=== Exercise goal ===
Please return only the lines from the one showing "ឆ្នាំ២០២៣ នៅសកលវិទ្យាល័យអាមេរិកាំង (AUPP)។" to the end of the entries, keeping both ends and dropping every picture.

=== Dataset records ===
==================================================
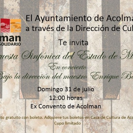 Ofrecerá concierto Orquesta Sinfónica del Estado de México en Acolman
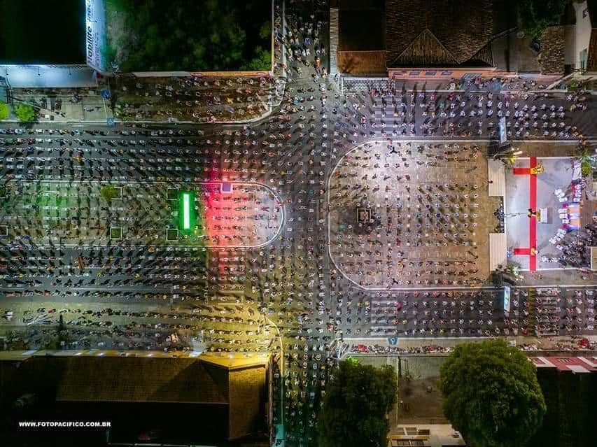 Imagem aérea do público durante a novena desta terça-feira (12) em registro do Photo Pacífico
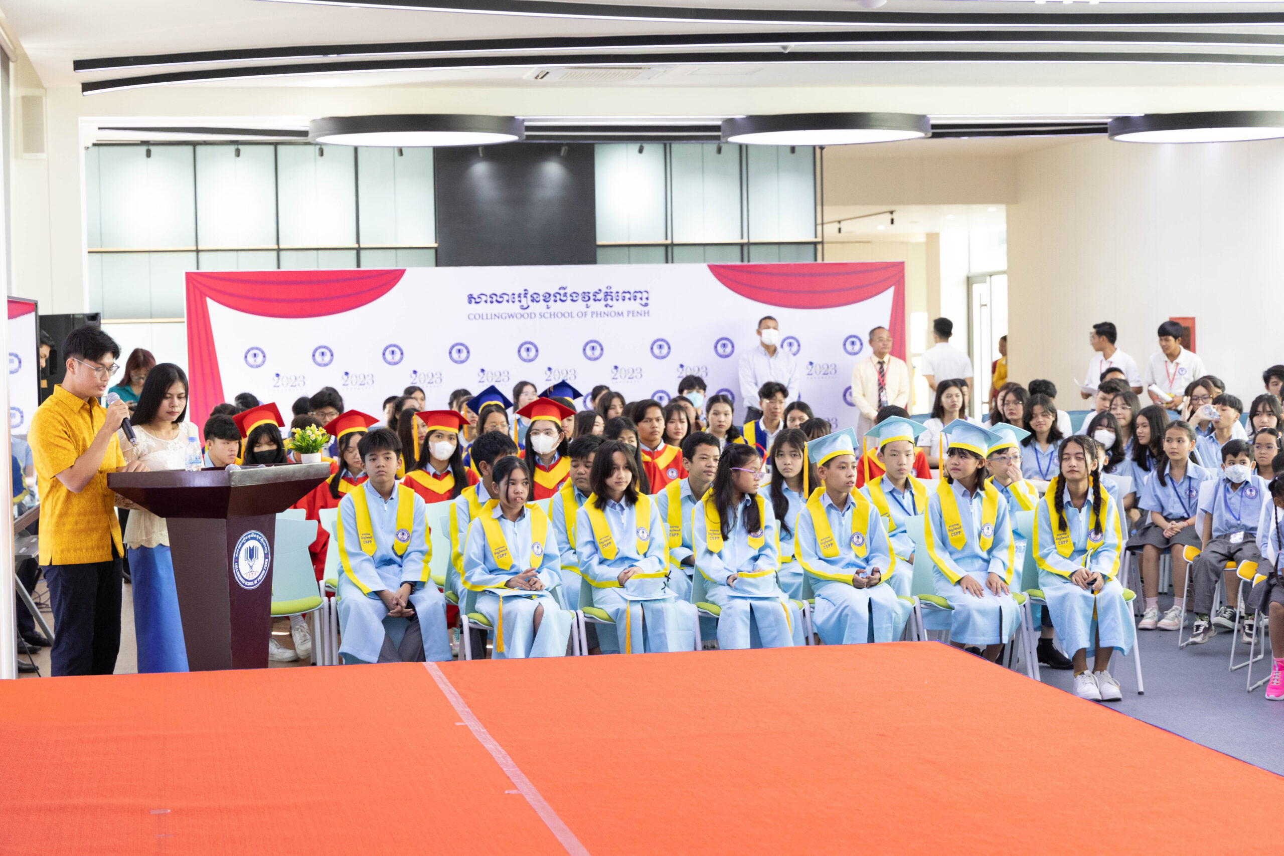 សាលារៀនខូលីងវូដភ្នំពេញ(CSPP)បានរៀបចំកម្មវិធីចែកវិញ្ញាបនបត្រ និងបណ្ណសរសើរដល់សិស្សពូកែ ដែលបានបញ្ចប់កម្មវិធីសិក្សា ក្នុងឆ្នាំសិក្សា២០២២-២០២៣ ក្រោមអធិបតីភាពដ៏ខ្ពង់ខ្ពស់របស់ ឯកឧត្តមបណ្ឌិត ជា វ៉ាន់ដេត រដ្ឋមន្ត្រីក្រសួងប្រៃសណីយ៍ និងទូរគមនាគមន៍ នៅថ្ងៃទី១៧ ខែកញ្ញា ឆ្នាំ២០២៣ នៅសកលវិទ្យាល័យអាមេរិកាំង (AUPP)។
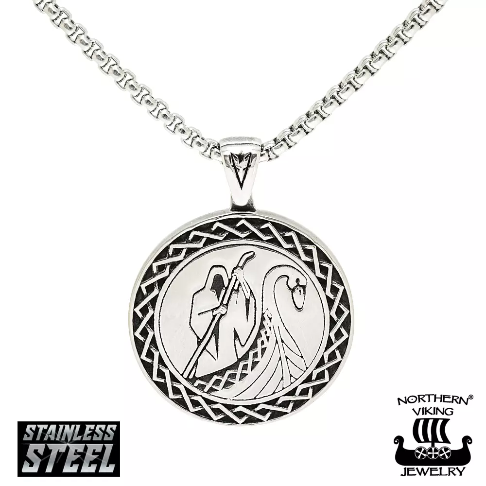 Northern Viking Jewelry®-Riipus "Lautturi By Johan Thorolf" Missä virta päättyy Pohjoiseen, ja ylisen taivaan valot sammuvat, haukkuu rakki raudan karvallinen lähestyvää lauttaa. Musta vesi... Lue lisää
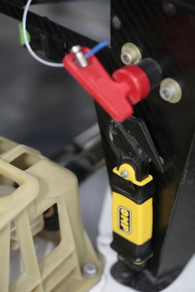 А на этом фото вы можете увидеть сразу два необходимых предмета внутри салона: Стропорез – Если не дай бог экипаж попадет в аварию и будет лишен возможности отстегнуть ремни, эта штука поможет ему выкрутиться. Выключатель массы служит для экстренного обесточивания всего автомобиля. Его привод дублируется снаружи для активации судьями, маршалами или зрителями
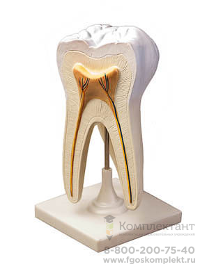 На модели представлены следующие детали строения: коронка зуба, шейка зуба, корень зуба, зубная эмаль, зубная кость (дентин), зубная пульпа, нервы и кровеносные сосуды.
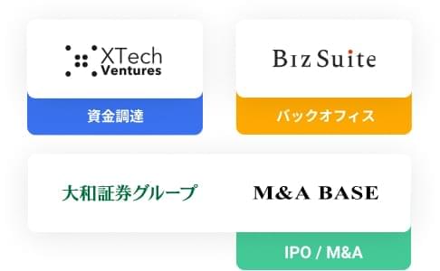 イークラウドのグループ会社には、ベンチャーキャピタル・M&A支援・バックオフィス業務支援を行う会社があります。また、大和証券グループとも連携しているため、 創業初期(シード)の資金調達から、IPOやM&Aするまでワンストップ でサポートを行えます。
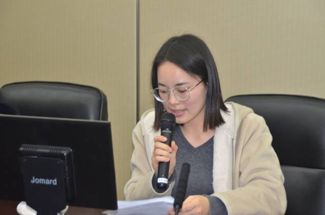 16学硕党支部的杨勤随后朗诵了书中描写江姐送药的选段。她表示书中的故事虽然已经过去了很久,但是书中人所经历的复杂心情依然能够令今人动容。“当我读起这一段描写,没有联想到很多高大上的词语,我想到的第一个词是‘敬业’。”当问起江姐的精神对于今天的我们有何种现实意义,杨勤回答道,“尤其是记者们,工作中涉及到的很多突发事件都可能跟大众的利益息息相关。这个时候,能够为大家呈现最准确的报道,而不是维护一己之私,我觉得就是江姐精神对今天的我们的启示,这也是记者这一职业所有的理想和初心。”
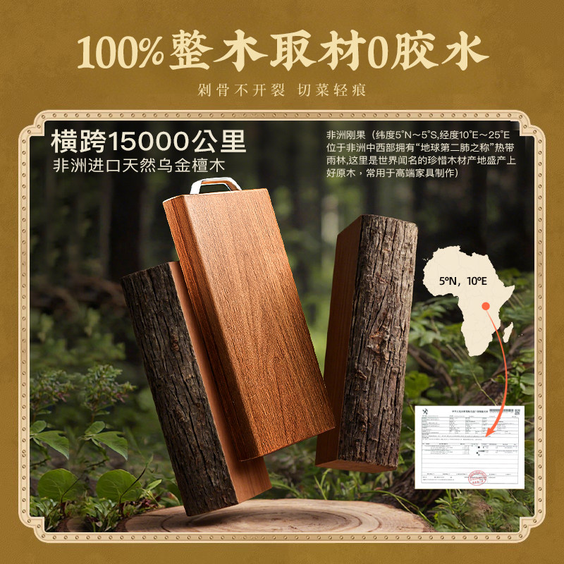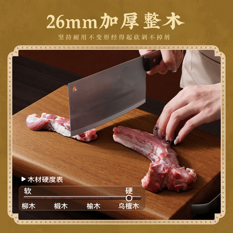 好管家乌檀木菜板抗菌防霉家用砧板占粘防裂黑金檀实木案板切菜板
==================================================
=== Answer section ===
 សាលារៀនខូលីងវូដភ្នំពេញ(CSPP)បានរៀបចំកម្មវិធីចែកវិញ្ញាបនបត្រ និងបណ្ណសរសើរដល់សិស្សពូកែ ដែលបានបញ្ចប់កម្មវិធីសិក្សា ក្នុងឆ្នាំសិក្សា២០២២-២០២៣ ក្រោមអធិបតីភាពដ៏ខ្ពង់ខ្ពស់របស់ ឯកឧត្តមបណ្ឌិត ជា វ៉ាន់ដេត រដ្ឋមន្ត្រីក្រសួងប្រៃសណីយ៍ និងទូរគមនាគមន៍ នៅថ្ងៃទី១៧ ខែកញ្ញា ឆ្នាំ២០២៣ នៅសកលវិទ្យាល័យអាមេរិកាំង (AUPP)។
 Northern Viking Jewelry®-Riipus "Lautturi By Johan Thorolf" Missä virta päättyy Pohjoiseen, ja ylisen taivaan valot sammuvat, haukkuu rakki raudan karvallinen lähestyvää lauttaa. Musta vesi... Lue lisää
 А на этом фото вы можете увидеть сразу два необходимых предмета внутри салона: Стропорез – Если не дай бог экипаж попадет в аварию и будет лишен возможности отстегнуть ремни, эта штука поможет ему выкрутиться. Выключатель массы служит для экстренного обесточивания всего автомобиля. Его привод дублируется снаружи для активации судьями, маршалами или зрителями
 На модели представлены следующие детали строения: коронка зуба, шейка зуба, корень зуба, зубная эмаль, зубная кость (дентин), зубная пульпа, нервы и кровеносные сосуды.
 イークラウドのグループ会社には、ベンチャーキャピタル・M&A支援・バックオフィス業務支援を行う会社があります。また、大和証券グループとも連携しているため、 創業初期(シード)の資金調達から、IPOやM&Aするまでワンストップ でサポートを行えます。
 16学硕党支部的杨勤随后朗诵了书中描写江姐送药的选段。她表示书中的故事虽然已经过去了很久,但是书中人所经历的复杂心情依然能够令今人动容。“当我读起这一段描写,没有联想到很多高大上的词语,我想到的第一个词是‘敬业’。”当问起江姐的精神对于今天的我们有何种现实意义,杨勤回答道,“尤其是记者们,工作中涉及到的很多突发事件都可能跟大众的利益息息相关。这个时候,能够为大家呈现最准确的报道,而不是维护一己之私,我觉得就是江姐精神对今天的我们的启示,这也是记者这一职业所有的理想和初心。”
 好管家乌檀木菜板抗菌防霉家用砧板占粘防裂黑金檀实木案板切菜板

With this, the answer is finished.